TASK REQUIREMENTS
Every line below from the one with "Colore rosso, rifiniture" through the one with "COFAP IFOM accompagne" is to be repeated exactly, with no picture among them.

[Opening DATA EXTRACT section]

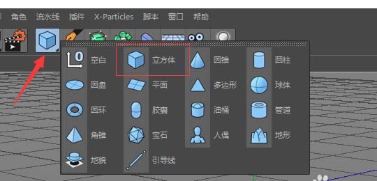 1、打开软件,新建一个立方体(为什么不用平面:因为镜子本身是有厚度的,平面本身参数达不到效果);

[Closing DATA EXTRACT section]
[Opening DATA EXTRACT section]

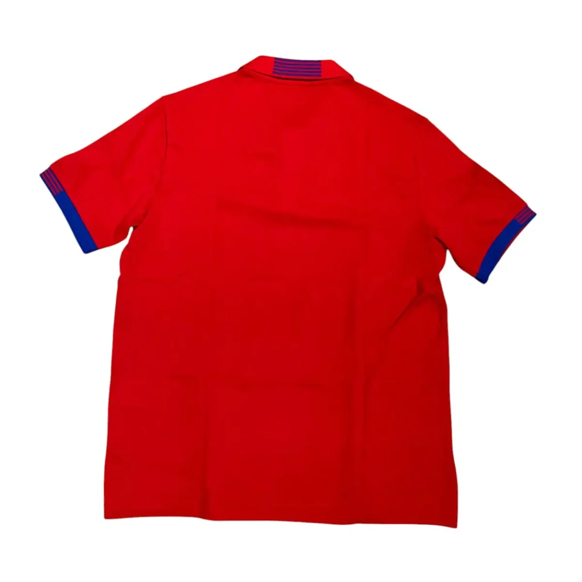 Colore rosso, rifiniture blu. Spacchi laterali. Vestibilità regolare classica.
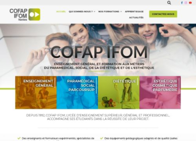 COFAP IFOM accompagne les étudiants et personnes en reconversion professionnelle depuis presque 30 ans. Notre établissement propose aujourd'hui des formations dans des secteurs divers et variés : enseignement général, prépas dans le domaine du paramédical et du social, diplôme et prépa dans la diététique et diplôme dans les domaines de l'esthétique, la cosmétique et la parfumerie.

[Closing DATA EXTRACT section]

RESULT BELOW
 Colore rosso, rifiniture blu. Spacchi laterali. Vestibilità regolare classica.
 COFAP IFOM accompagne les étudiants et personnes en reconversion professionnelle depuis presque 30 ans. Notre établissement propose aujourd'hui des formations dans des secteurs divers et variés : enseignement général, prépas dans le domaine du paramédical et du social, diplôme et prépa dans la diététique et diplôme dans les domaines de l'esthétique, la cosmétique et la parfumerie.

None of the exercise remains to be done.